No meu cotidiano (e da minha agência), essas duas métricas são as primordiais, as que põem o dinheiro na mesa:
- ROI (Retorno sobre o Investimento Global) e ROAS (descontando devoluções e inadimplência).
- CAC (Custo de Aquisição de Clientes) atrelado à Margem de Contribuição Líquida.
A margem de contribuição líquida é o valor final depois de deduzir todos os custos e despesas variáveis diretas que incidem sobre a venda, como custo com matéria-prima, comissões dos vendedores, impostos.
Dentre as métricas primárias que ajudam na tomada de decisões estratégicas de alto impacto:
- Valor do Tempo de Vida do Cliente (LTV – Lifetime Value) e Taxa de Cancelamento (churn rate) na retenção de clientes.
- Valor Vitalício ou do Ciclo de Vida do Cliente (CLV – Customer Lifetime Value).
- Retorno sobre o Investimento em Marketing (ROMI – Return on Marketing Investment).
Enquanto o LTV é relacionado à receita bruta gerada pelo o cliente na manutenção em sua base, o CLV é centrado no lucro líquido deduzidos os custos inerentes.
O ROMI, diferente do ROI, que se baseia em todas as despesas e receitas, está relacionado unicamente aos custos diretos do marketing.
Entrando nas métricas secundárias, porém que também possuem grande relevância para a saúde e crescimento do negócio, estão:
- Participação de mercado (Market Share).
- Modelagem de Atribuição (baseada em dados ou último clique).
A participação de mercado é a porcentagem de vendas da empresa em relação ao total do mercado de atuação.
Quem leva o crédito por uma conversão é o que define o canal de marketing (anúncios, mídias sociais, e-mail marketing, buscas orgânicas) da modelagem de atribuição. No último clique, o crédito é 100% do último canal. Já o modelo baseado em dados distribui o crédito entre todos os canais por onde o cliente percorreu em sua jornada de compra, usando inteligência artificial.
Ter empresa é bonitinho né? Um glamour só vomitar por aí “sou empresário” e não saber o básico do básico de como gerir sua empresa.
De nada adianta o analista de mídias desenvolver as melhores campanhas, saber tudo o que deve saber, o analista de dados entregar um relatório de dados minucioso ao CEO ou dono do negócio, e ele não fazer a menor ideia de como usá-los. Aí é pra cair o cú da bunda!
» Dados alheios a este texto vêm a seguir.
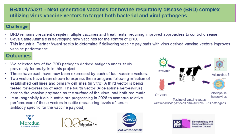 At Moredun, we have developed vaccine vectors to deliver antigen payloads from the virus pathogens involved in BRD using four platforms. In this proposal, we have selected one protein from a bacterium, and one protein from a virus involved in BRD to compare our vaccine platforms. These will both be cloned into each of the vectors under study, specifically, replication defective human adenovirus 5 (Ad5), Maedi visna virus (MV), Alcelaphine herpesvirus 1 (AlHV-1), and Orf virus. All vaccine vectors we produce, expressing the targeted antigens, will be tested in vitro as a pre-screen before conducting animal trials. If, as expected, all express the protein payload in vitro, they will be tested in cattle. We will assay for serum antibody responses, mucosal antibody responses, and the comparative levels of CD4 T helper cell responses. There are no reports to date of direct comparison of different viral vaccine vectors delivering the same payload.
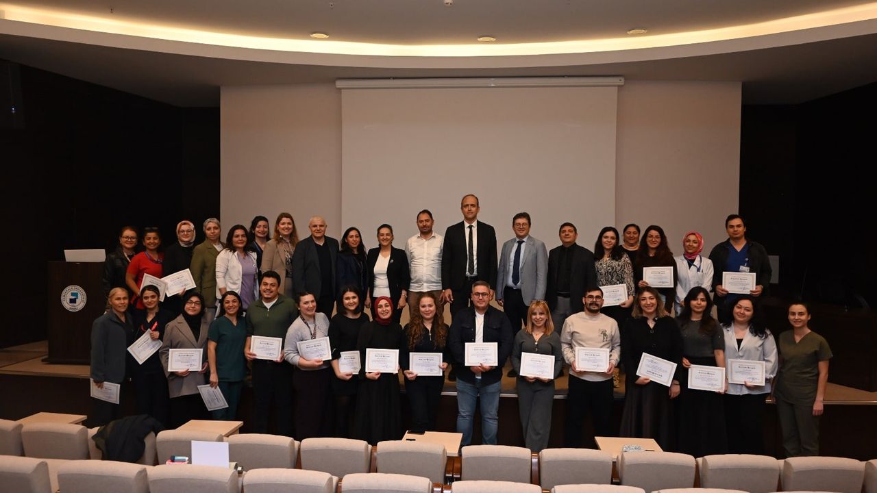 Başhekim Prof. Dr. Hakan Alkan da konuşmasında, yoğun bakım hemşireliğinin yüksek özveri, merhamet ve sürekli gelişim gerektiren bir alan olduğuna dikkat çekti. Yoğun bakım ihtiyacının her geçen gün arttığını belirten Alkan, kaliteli bakım ve başarılı tedavi süreciyle sağlığına kavuşarak taburcu edilen her hastanın sağlık çalışanları için büyük bir gurur kaynağı olduğunu ifade etti. Yoğun bakım hemşirelerinin sağlık sisteminin sürdürülebilirliği açısından kritik bir role sahip olduğunu vurgulayan Alkan, bu alanda yetişmiş hemşirelerin hasta güvenliği ve hizmet kalitesi açısından vazgeçilmez olduğunu belirterek kursiyerleri tebrik etti. Programın sonunda eğitim kadrosunda görev alan eğitimcilere teşekkür belgeleri, 16 hemşireye ise katılım belgeleri protokol üyeleri tarafından takdim edildi. Kapanış programı, toplu fotoğraf çekimiyle sona erdi.
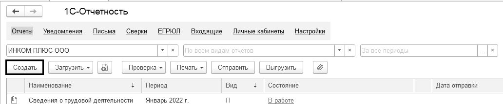 Работа с регламентированными отчетами в программе организована следующим образом. Выбирается отчет, который необходимо вам подготовить по кнопке "Отчеты/Создать/Все/выбрать нужный отчет".
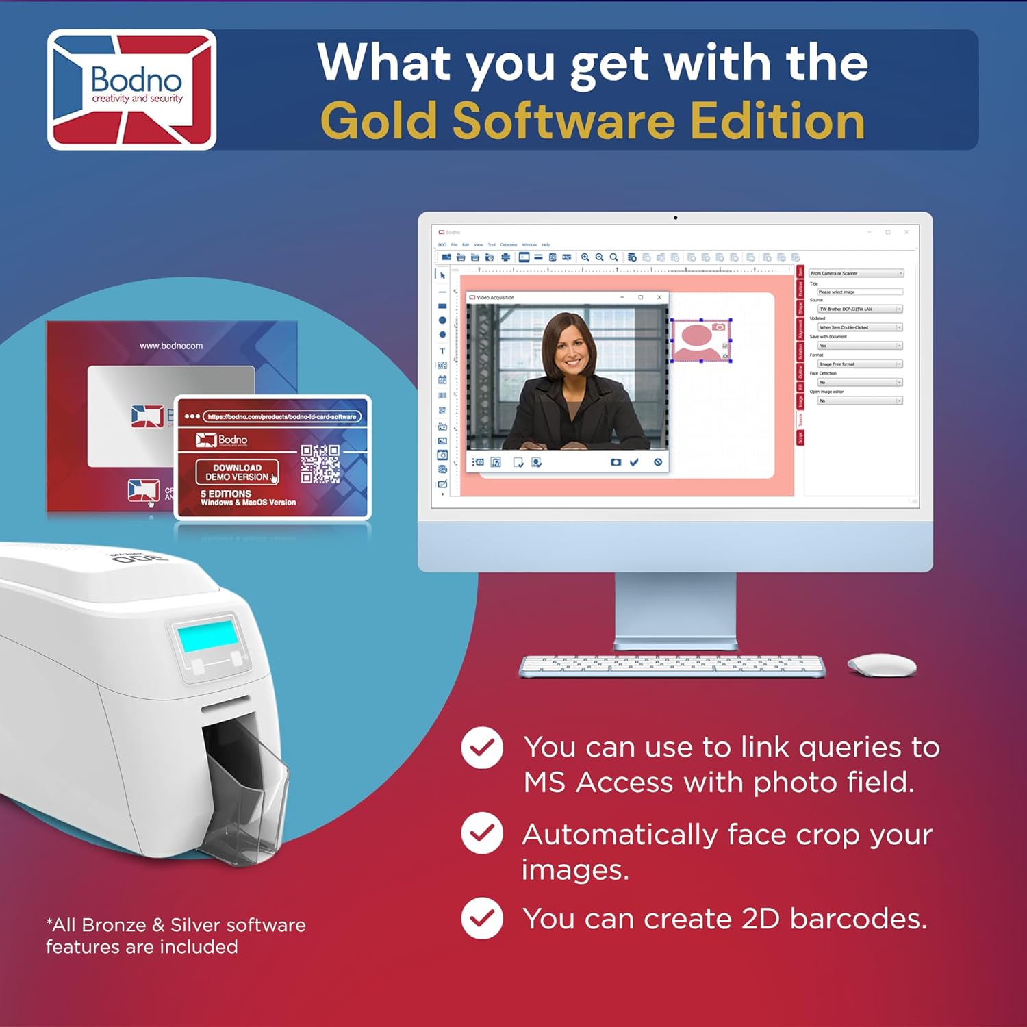 Bodno Magicard 300 Dual Sided ID Card Printer & Complete Supplies Package ID Software - Gold Edition
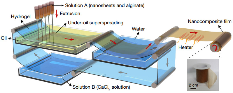 为解决上述难题,赵创奇所在的北京航空航天大学化学学院刘明杰教授课题组提出了基于极稀反应溶液的液体超铺展制备策略。该研究发展了一种基于液体超铺展制备层状结构复合膜制备的新方法,解决了层状结构复合材料无法大面积连续制备的难题。并提出了无机纳米限域空间内高分子链的运动受限是导致复合材料超高力学性能的科学机理。该工作为仿生材料的结构设计及大规模生产提供了新的解决途径。
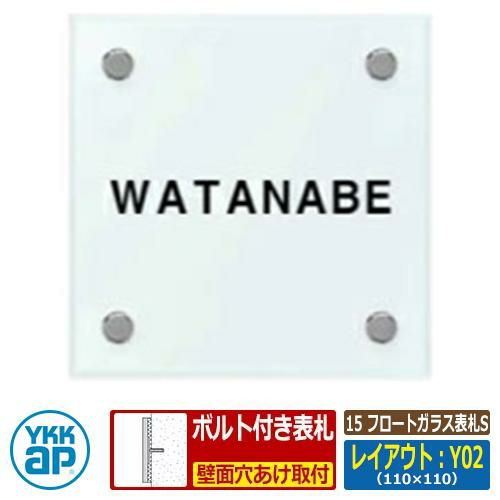 セット内容 ■15 フロートガラス表札S レイアウト:Y02 文字色:黒サイズ:W110×H110×t10mm 品番:KYG2-Y02□
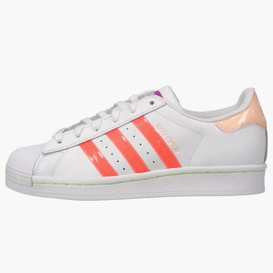 A real classic that never gets out of fashion: The Adidas Superstar in Signal Pink brings a breath of fresh air to the iconic look. These women's sneakers combine the best of traditional design and modern coloring. The timeless silhouette made of high -quality leather becomes an indispensable eye -catcher for every outfit due to the striking pink color. The striking Shell Toe front area in particular remains a strong distinguishing feature and ensures durability and comfort. Whether for the daily trend look or as a stylish highlight on special occasions-the Adidas Superstar Signal Pink is the right choice. Combine it at will and enjoy the feeling of good style and comfort, day after day.Authenticity Guaranteed
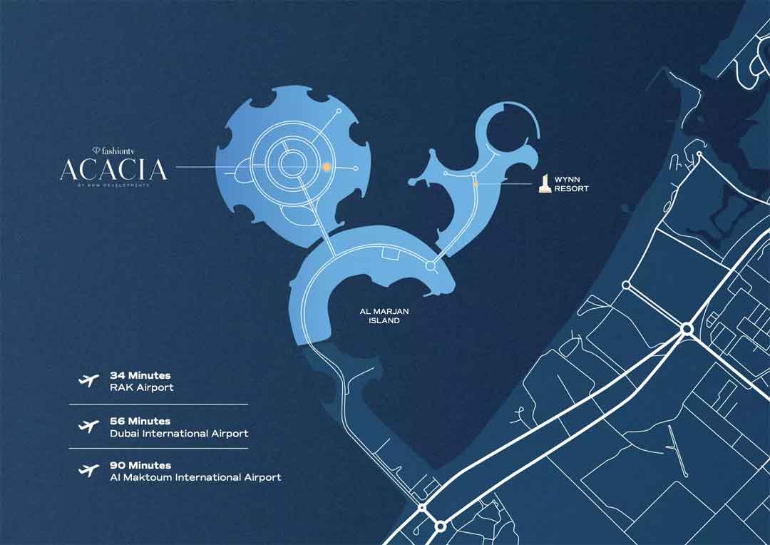 Fashion TV Acacia is strategically located on Al Marjan Island, Ras Al Khaimah’s most prestigious coastal destination. This prime location ensures residents enjoy peaceful beachfront living while remaining connected to key transport links, urban hubs, and leisure destinations. Fashion TV Branded Residences on Al Marjan Island Ras Al Khaimah.
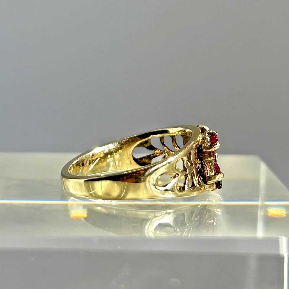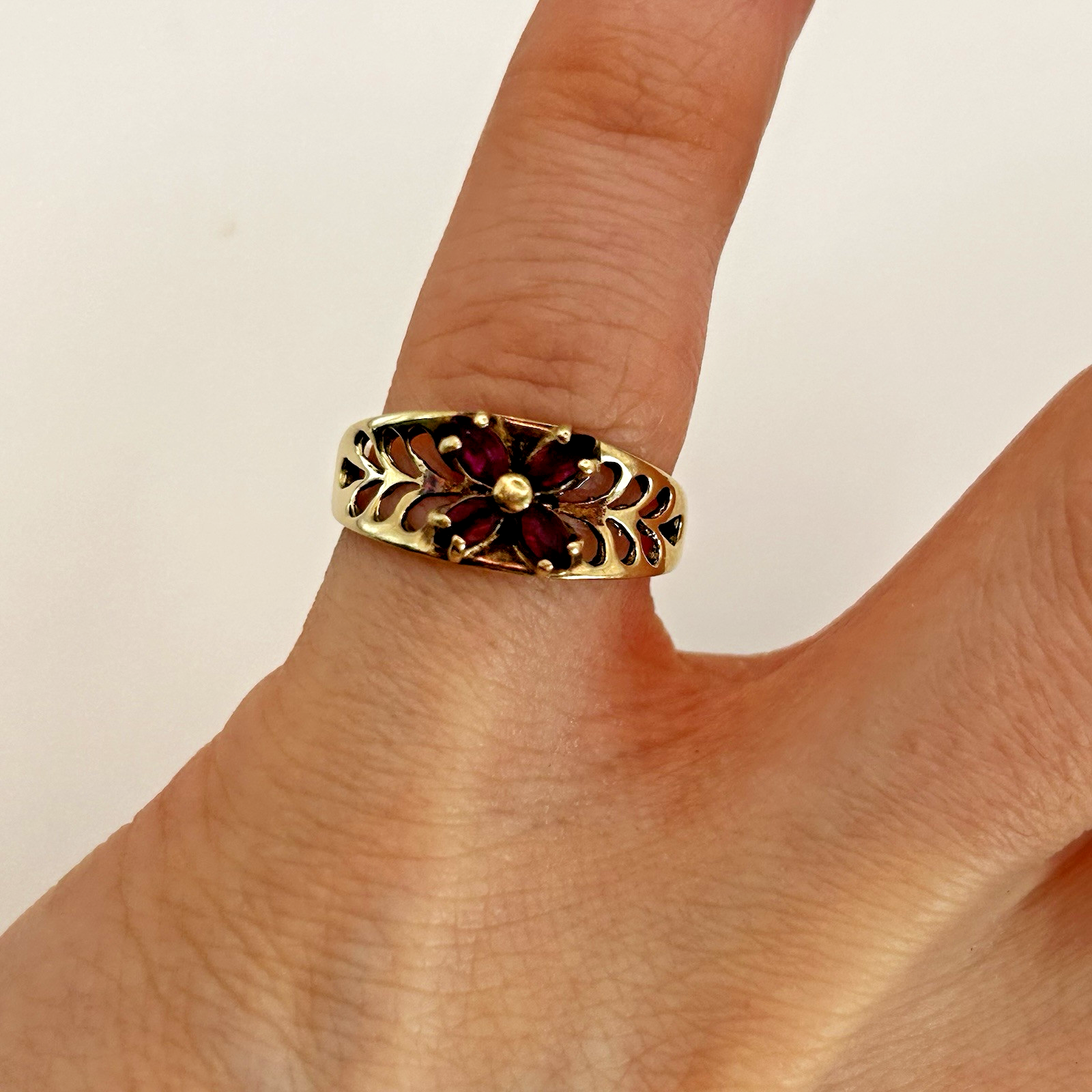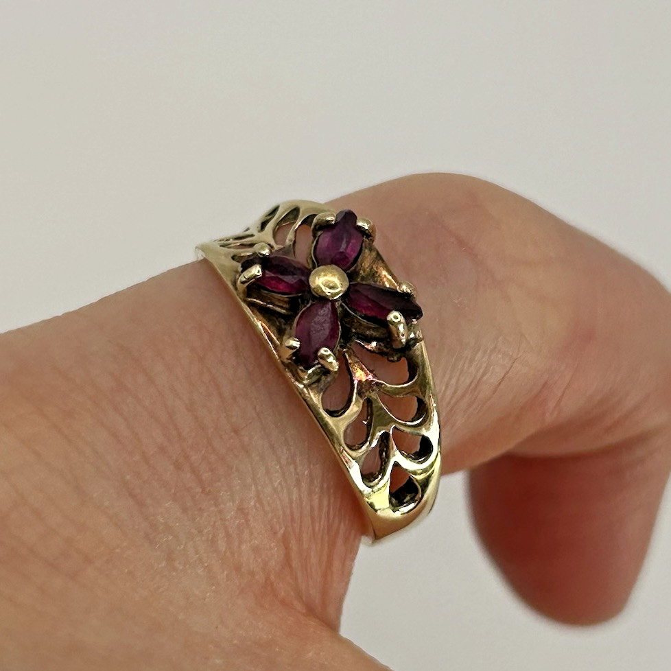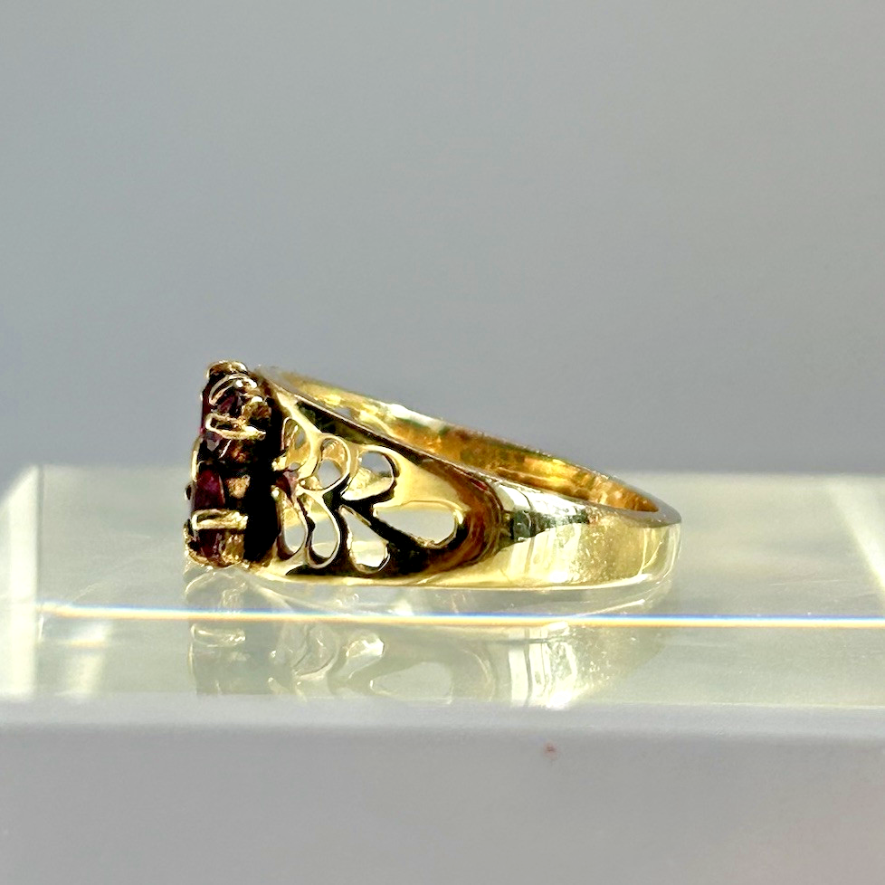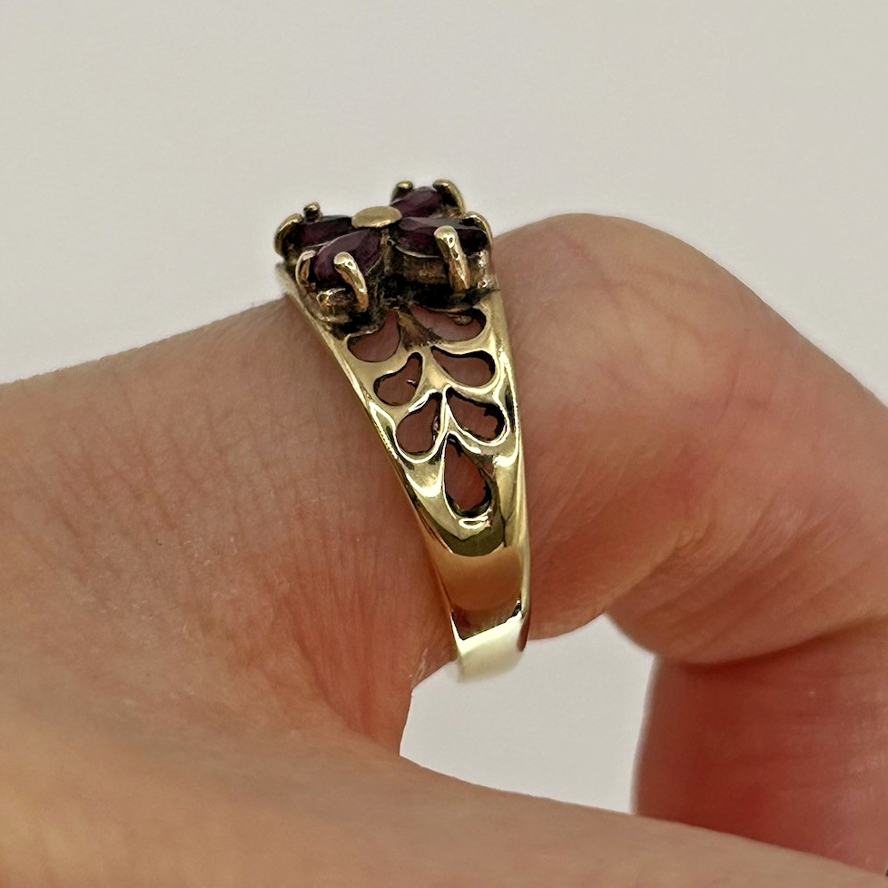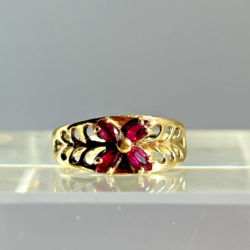 Ruby Ring 9ct Gold Floral Cluster Cut Out Band in Yellow Gold - Size I

Depois dessas métricas essenciais, aí sim entram as outras métricas secundárias, complementares às primárias, como CPC, CTR, CPL, CPA; as terciárias, impressões, alcance, CPM; e quaternárias, inscritos, seguidores, likes, comentários (essas podem ajudar em medições adjacentes para a participação na mídia – share of voice – ou ainda, lembrança estimada da marca — share of mind).
É você e seus diretores ou executivos quem decidem o que será feito com as informações, não o analista. Então não mate o mensageiro se não gostar da mensagem que receber.
Nota do autor
O ponto X é que nem todas as métricas poderão nem deverão ser calculadas pelo analista ou pela agência, e sim pelo financeiro do próprio cliente. Explico!
Suponhamos que a empresa queira saber o ROMI. Além das ações de mídias pagas online, ela possui investimentos em influenciadores, eventos, feiras, patrocínios, publicidade em revistas especializadas de seu setor, OOH (outdoors, busdoors) e DOOH (painéis de LED pela cidade ou telas em condomínios empresariais).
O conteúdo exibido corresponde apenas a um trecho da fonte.